I'm excited to announce the release of my first album titled "Walk With Me". I invite you to come alongside for this instrumental adventure. Although there are no lyrics this album has much to say. I hope it can speak to you in a universal language spoken by all nations.

I have a feeling that the members of this forum will have a greater understanding of the music, subtleties, time signatures, expression.

The genre of the album isn't well defined. I like to call it an instrumental adventure - I've received feedback that it contains a "Bit of Jazz, classical, progressive, ambient, cinematic."

It is uploaded to most major music streaming platforms (apple music pending). See links below. If you do not have a spotify account there is a link to listen at youtube music.

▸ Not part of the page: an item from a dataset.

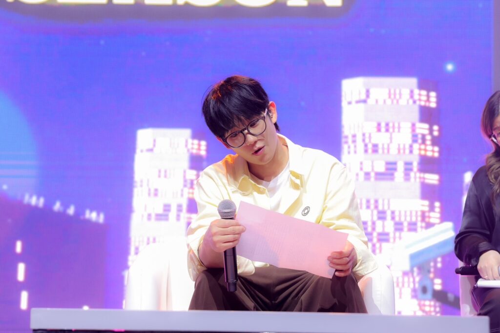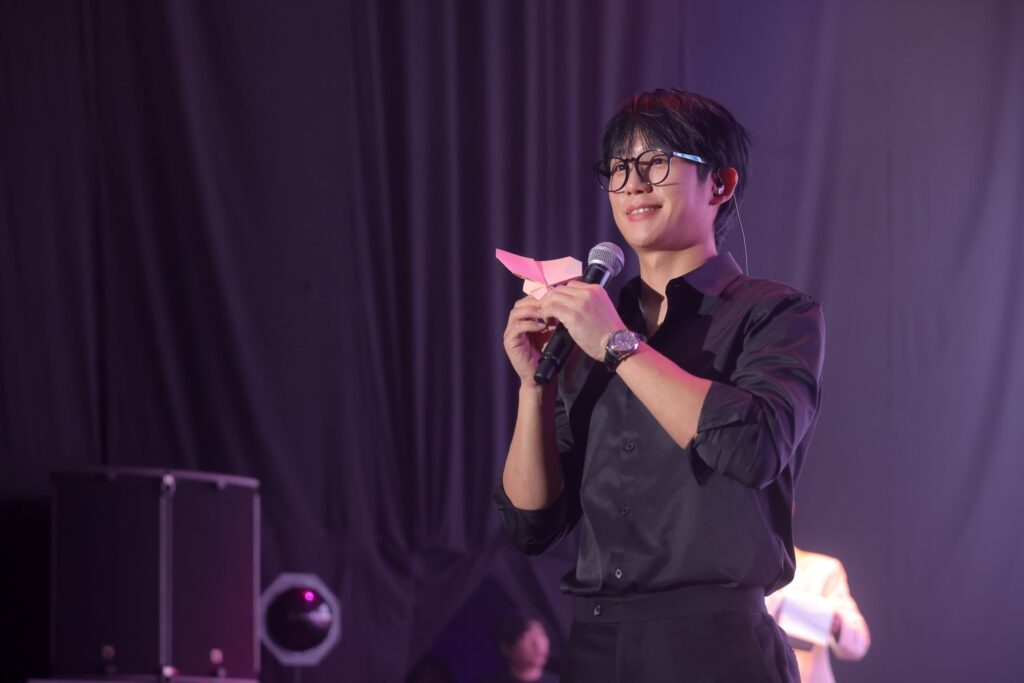 “ คลิปเมื่อกี้ประทับใจมากๆเลยครับ พลังงานและกำลังใจที่ทุกคนให้ผมในวันนี้ ผมจะเก็บกลับไปเพื่อพัฒนาการเป็นนักแสดงที่ดี ผมมีคำพูดสองคำที่อยากจะบอกแฟนๆมากๆคนเราทุกคนใช้ชีวิตไปก็ต้องเจอเรื่องลำบาก ทั้งตัวผมเองและทุกคนที่อยู่ที่นี่ก็น่าจะต้องเจอกับเรื่องนี้เหมือนกัน แต่มันจะไม่ได้อยู่กับเราตลอดไปนะครับมันจะผ่านไปเราจะสู้ไปด้วยกันนะครับ ขอบคุณครับ รักที่สุด ”
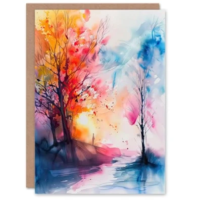Artery8 Greeting Card Autumn Forest Sunrise Dream Watercolour Painting Blank For Him Or Her Art Birthday

https://music.youtube.com/playlist?list=OLAK5uy_l-vAUELAHB7QNINjYXPnT1xSPFdiAZMNk

I'd love to hear your thoughts, comments, criticisms as it will help me with future releases.

Cheers,


----------



## Phil loves classical (Feb 8, 2017)

Nice! Easily the most interesting CCM I've heard!


----------



## Adam Bodlack (Apr 28, 2020)

Thanks Phil, glad you enjoyed! - that's a good way to summarize the genre as well.


----------



## Richannes Wrahms (Jan 6, 2014)

Can definitely hear the multiple influences, well integrated though, good job!


----------



## Swosh (Feb 25, 2018)

Wow. Absolutely beautiful and mesmerizing thank you.


----------



## Adam Bodlack (Apr 28, 2020)

Swosh said:


> Wow. Absolutely beautiful and mesmerizing thank you.


Thanks Swosh - very kind words - glad you enjoyed it!


----------